• Material for this exercise
== Segment start ==

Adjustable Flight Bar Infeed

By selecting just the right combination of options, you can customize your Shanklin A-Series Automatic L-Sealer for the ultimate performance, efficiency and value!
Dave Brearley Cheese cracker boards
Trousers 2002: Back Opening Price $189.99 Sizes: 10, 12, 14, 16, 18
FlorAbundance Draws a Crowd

== Segment end ==
== Segment start ==

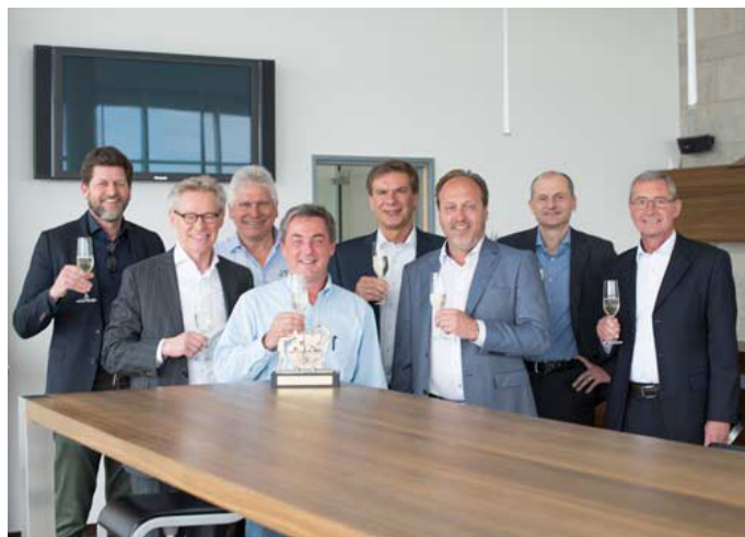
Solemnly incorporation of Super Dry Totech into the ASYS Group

== Segment end ==
== Segment start ==

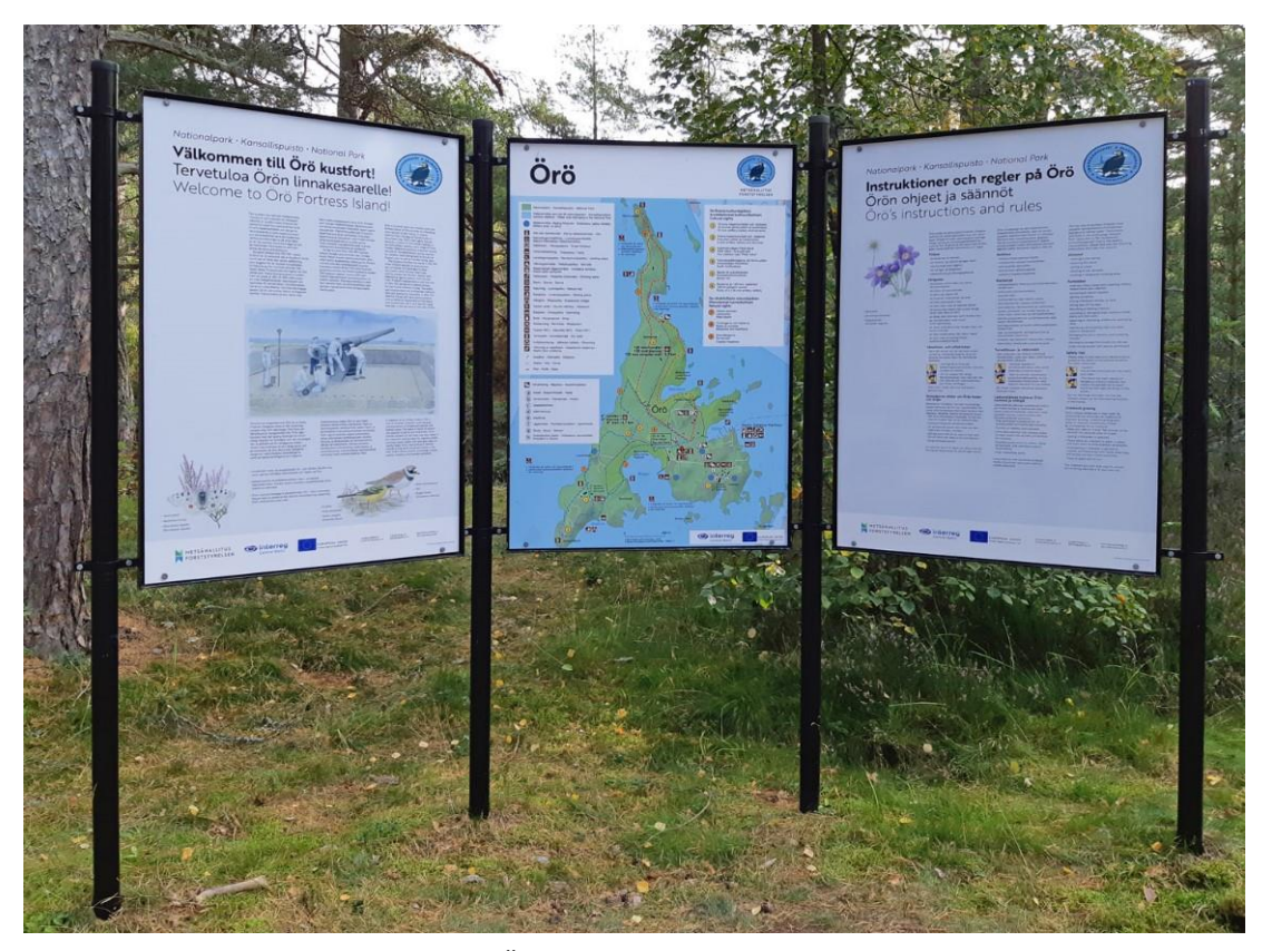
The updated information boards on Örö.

== Segment end ==

• Task directions
Go through the listing, find each line with the word "boards", and copy it.

• Result
Dave Brearley Cheese cracker boards
The updated information boards on Örö.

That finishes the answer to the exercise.